[Records from a collection]
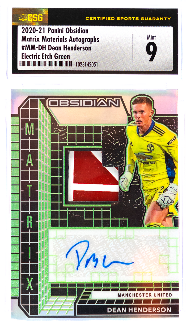 2020-21 Panini Obsidian – Dean Henderson MM-DH – Electric Etch Green /4 – CSG CGC Mint 9 Auto 10
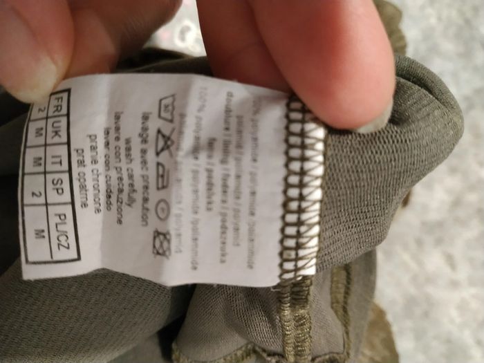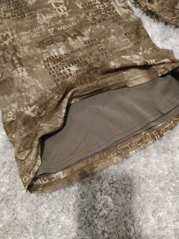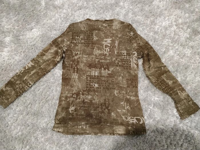 Tee-shirt Camaïeu manches longues Taille 2 / M Kaki avec inscriptions Doublé coton mais pas manches. Très bon état
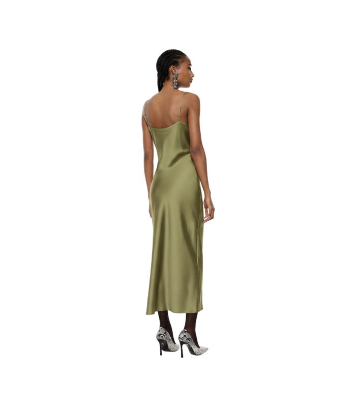 Abito con spalline sottili regolabili e profondo scollo a v, presenta un drappeggio e uno spacco laterale.
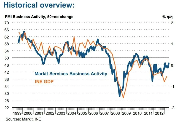 Španělský sektor služeb se v květnu vyšplhal na maximum za posledních 23 měsíců. Oproti dubnu si index nákupních manažerů polepšil na 47,3 bodu z 44,4 bodu, přestože se čekal růst pouze na 45 bodů. Stále se však nachází pod padesátibodovou hranicí, což znamená, že sektor služeb stále neexpanduje, pouze zpomalil propad.
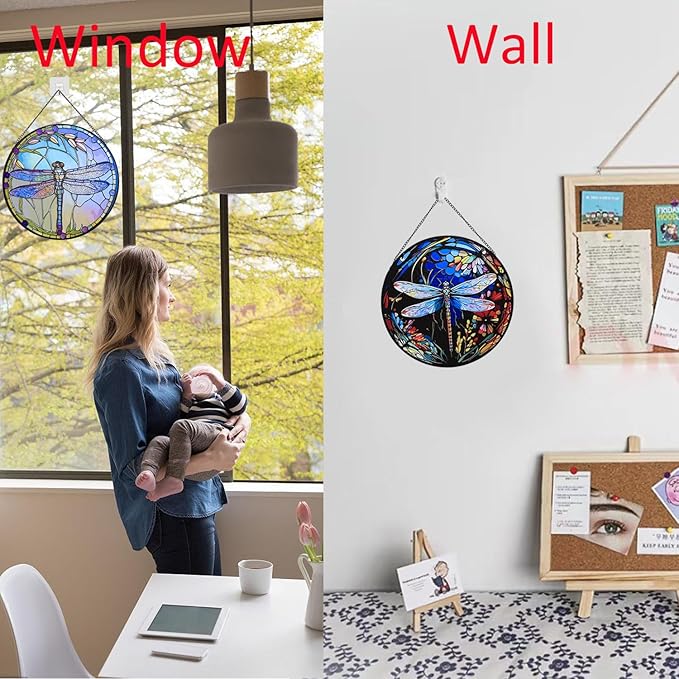 - 【Exquisite Gift】The dragonfly suncatchers for hanging stained glass is a lovely gift for your friends, family, lover, etc. Our dragonfly wall decor would be a great embellishment to your home. Suitable for Thanksgiving Day gifts, Christmas gifts,Valentine's Day gifts, Easter gifts, Mother's Day gifts, and other holiday gifts.

*What you will do*
Could you repeat all of the entries exactly, without any of the images?

*Answer box*
 2020-21 Panini Obsidian – Dean Henderson MM-DH – Electric Etch Green /4 – CSG CGC Mint 9 Auto 10
 Tee-shirt Camaïeu manches longues Taille 2 / M Kaki avec inscriptions Doublé coton mais pas manches. Très bon état
 Abito con spalline sottili regolabili e profondo scollo a v, presenta un drappeggio e uno spacco laterale.
 Španělský sektor služeb se v květnu vyšplhal na maximum za posledních 23 měsíců. Oproti dubnu si index nákupních manažerů polepšil na 47,3 bodu z 44,4 bodu, přestože se čekal růst pouze na 45 bodů. Stále se však nachází pod padesátibodovou hranicí, což znamená, že sektor služeb stále neexpanduje, pouze zpomalil propad.
 - 【Exquisite Gift】The dragonfly suncatchers for hanging stained glass is a lovely gift for your friends, family, lover, etc. Our dragonfly wall decor would be a great embellishment to your home. Suitable for Thanksgiving Day gifts, Christmas gifts,Valentine's Day gifts, Easter gifts, Mother's Day gifts, and other holiday gifts.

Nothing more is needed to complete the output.